:: EXERCISE ::
Reproduce word for word every line from the one containing "Температура на плате" to the final line of the data below; omit the pictures.

:: GIVEN INFORMATION ::

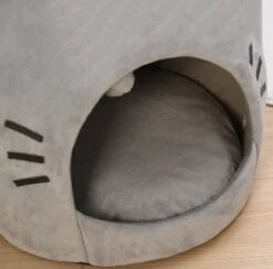 A purrfect haven for your feline friend who adores the thrill of hiding! Step into a world of whimsy and charm with our delightful gray cat-themed bed, a fusion of practicality and kawaii that brings the furry wonders to your cat’s cozy corner.
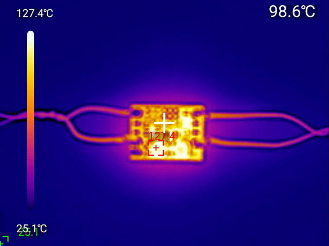 Температура на плате повысилась до 127 градусов! Это - уже точно перебор, дальше детали начнут отпаиваться сами собой. Самой горячей деталью оказалась левая индуктивность; затем, с небольшим отставанием - правая индуктивность и диод.
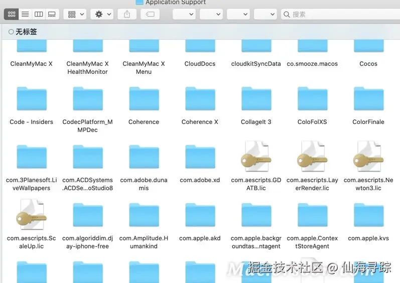 在这几个文件夹下,通常会再以各个 App 的”名字“或者 "App Bundle identifier"(MacOS中APP唯一识别的ID,命名规则通常为 「com.公司名.App名」)命名子文件夹。

:: RESPONSE TO THE EXERCISE ::
 Температура на плате повысилась до 127 градусов! Это - уже точно перебор, дальше детали начнут отпаиваться сами собой. Самой горячей деталью оказалась левая индуктивность; затем, с небольшим отставанием - правая индуктивность и диод.
 在这几个文件夹下,通常会再以各个 App 的”名字“或者 "App Bundle identifier"(MacOS中APP唯一识别的ID,命名规则通常为 「com.公司名.App名」)命名子文件夹。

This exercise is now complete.